Outside, I could hear people being stepped on and tears cascaded down my cheeks in an endless flow of rivers. Just a few feet beyond the concession stand, I heard an underclassman’s voice cry out, “Someone help me. Someone, pleaseno! Please god, n—” before her voice faded away and the too loud sound of a body hitting and wrapping around a bleacher stand echoed back to me.

This chaos ensued for five minutes, ten minutes, twenty. I don’t know how long I sat there and prayed to a God I didn’t think existed, begging him to stop this and let me wake up in my bed to get ready for my day at school. I thought of my parents, safe at home and watching a movie in the living room and completely unaware of the kind of pandemonium that was taking place. I thought of Izzy and Matson, somewhere lost in the crowd out there, still praying to this God that I didn’t believe in to save my best friends.

When I heard the pausing of bodies being hurtled through the air, I opened my eyes. Though, just as quickly, I wanted to close them, screaming until blood vessels in my eyes popped and my ears rang with my screams. Nails started on the aluminum gate, cutting across it and going into the wood. The sound made me cringe repeatedly as I began rocking again, weeping soothing words into my clothes in a vain attempt to calm my nerves. After a couple more seconds, it stopped.

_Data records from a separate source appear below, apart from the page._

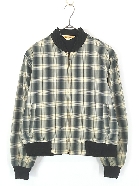 古着 50s PENNEY'S 好配色 オンブレ シャドー チェック フルジップ コットン ジャケット ブルゾン 40
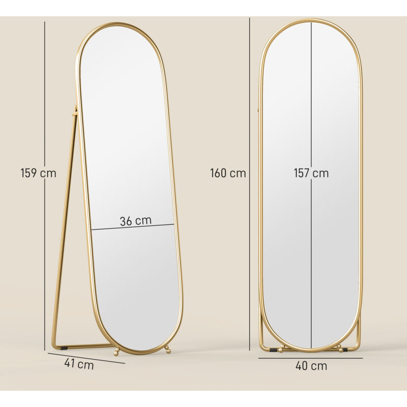 Let the beautiful design of this HOMCOM mirror make getting ready even more enjoyable. Look at the smooth curved shape and coloured frame – bringing a touch of elegance into your space. The design can be used two ways – standing with the back leg or leaning against the wall
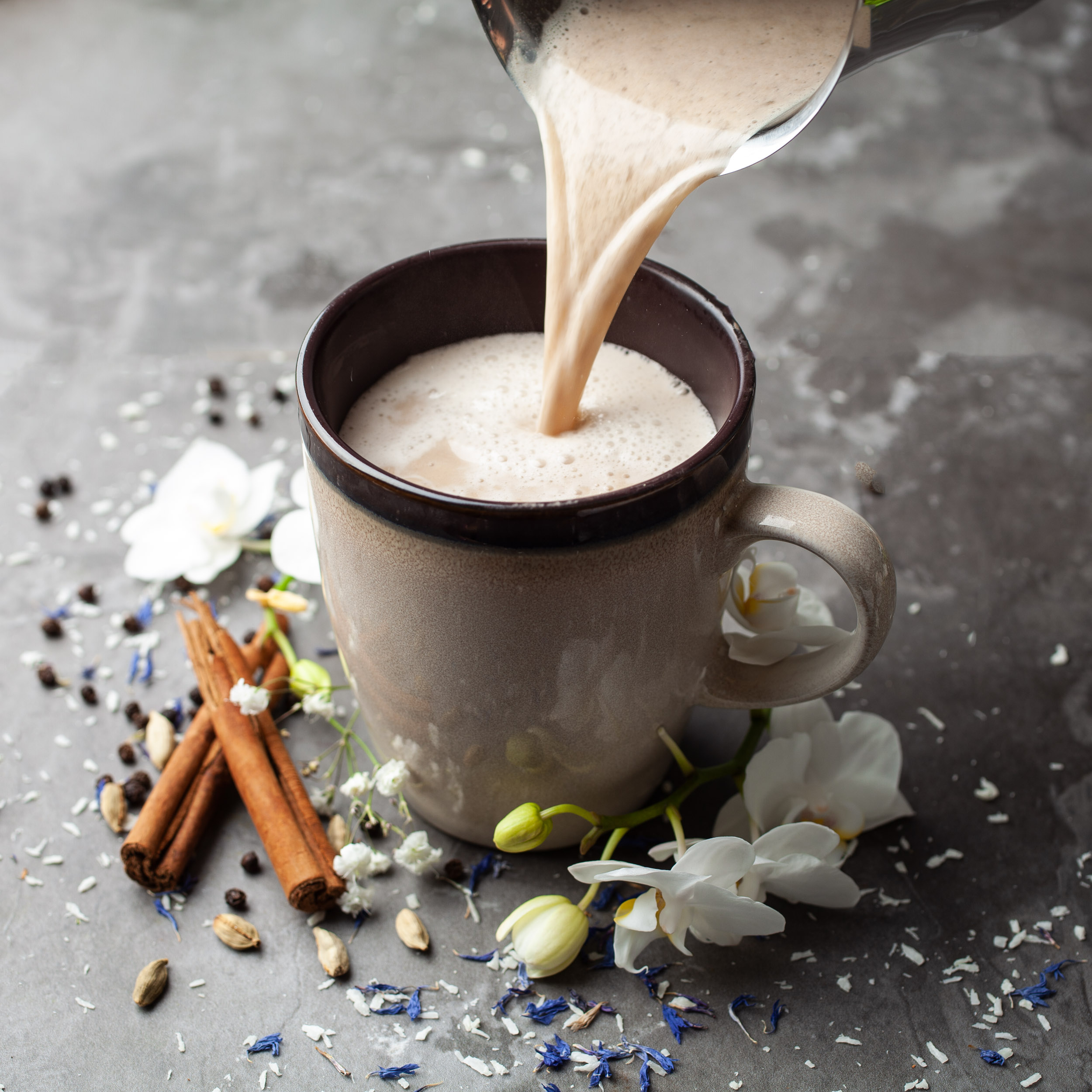 Organic and Vegan coconut milk powder, organic raw crystallised coconut nectar, organic Reishi mushroom powder, organic ground chai spice mix
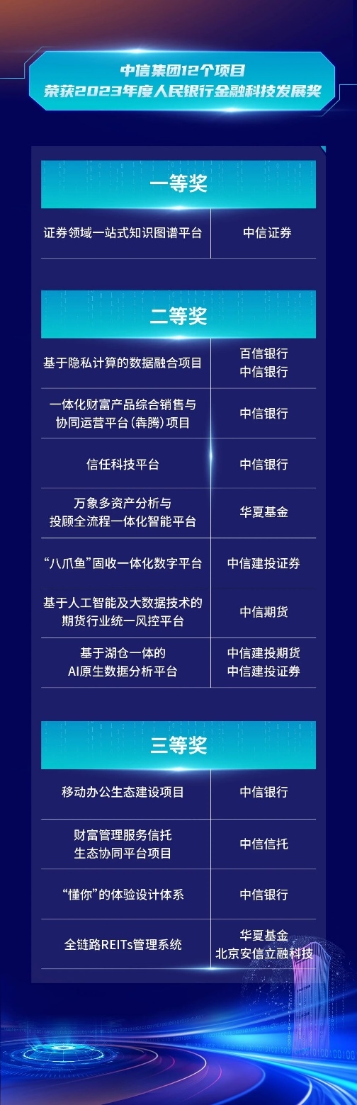 近日,人民银行公布了2023年度金融科技发展奖获奖项目名单,中信银行、中信证券、中信建投证券、中信信托、百信银行、中信期货、华夏基金、中信建投期货等单位共12个项目获奖,包括一等奖1项、二等奖7项、三等奖4项。
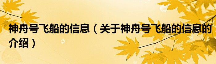 大家好,今天小乐来为大家解答以上的问题。神舟号飞船的信息,关于神舟号飞船的信息的介绍很多人还不知道,现在让我们一起来看看吧!
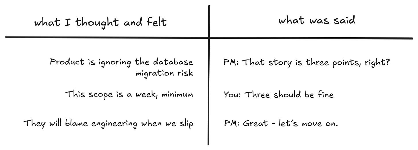 A helpful prompt while reflecting is to ask, “What did I need the other person to understand that never made it out of my mouth?” In the fragment above, the answer is obvious: “This story hides an invisible database migration and therefore a serious schedule risk.”
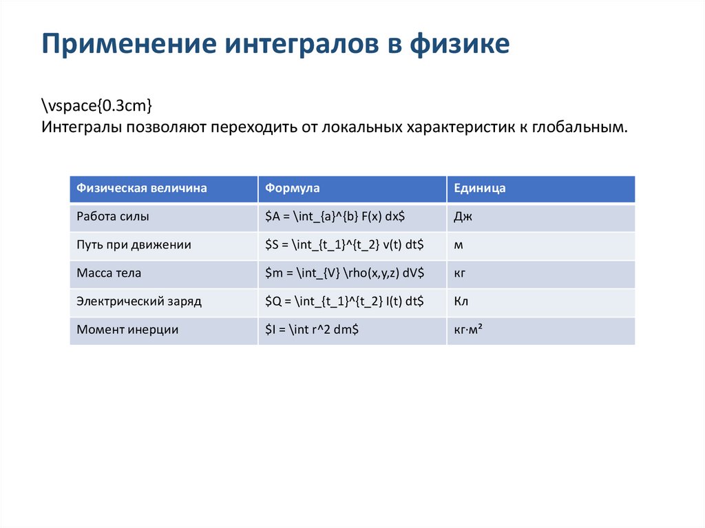 Интегралы позволяют переходить от локальных характеристик к глобальным.

Everything stopped. The screams and cries stopped, the hurtling bodies that made the air whistle stopped, people running in terror stopped—all of it. And in this frightening silence, I heard breathing. Loud exhales pressed against the back of my neck through a hole in the wall, the breaths warm against my skin, riddled with goose bumps. Out of curiosity, fear, or both, I slowly started to turn around and look through the hole. And when I did, I saw an eye staring back at me, its breathing harsh and husky as it blinked its eye.

I felt shocked, frozen like I was a part of a movie scene, unable to release a weep or the scream lodged somewhere deep in my throat. But it had a voice, and it whispered: “Run, Codi.”

Shoving my hands into my hair, I screamed, shrieked, wailed. I scurried my feet against the floor until my body slammed into the wall opposite of where I was sitting. I cried through my shrill scream, my head throwing itself back and my feet still scurrying until my back jaggedly climbed up the wall. Across from me, I could see it poke its finger into the hole, wiggling it around a few times as I threw myself at the door just a couple feet to the right of me.

When I threw the door open, I didn’t look to the left to see if it was trailing after me, I didn’t look behind me as my feet hit the gravel. I didn’t stop running until I reached my car. Crashing into the passenger side door, I ripped on the handle, trying to pull it open but found it useless. I shoved my hand deep into my pocket, my fingers shaking as I screamed at myself. Before my fingers cooperated and hit the unlock button, they pressed against the red panic button. Soon, my car threw lights of red and yellow and white, panicking like I was, screaming at the car to be quiet.

I looked around the perimeter and saw it at the gates to the field behind me, charging toward me. Finally pressing the right button, I threw the door open and climbed to the driver’s side, locking the doors and shoving the key into the ignition where it rumbled to life a second later. A pallid hand slammed against the window, long pointed nails scraping against the glass. I screamed and cried out, shoving my foot into the gas and taking the car out of park as I shot forward.

I didn’t slow my speed until I had made it out of the long winding driveway of the school parking lot. The radio didn’t turn on, and I sat in silence. I couldn’t bring my eyes to look into the rearview mirror, I couldn’t move my hand to turn the radio on, fill the car with noise.

The car ride between the school and my house was only ten minutes, and it was the longest ten minutes of my whole life.
♠ ♠ ♠
Oh my god. I was so afraid when I was writing this.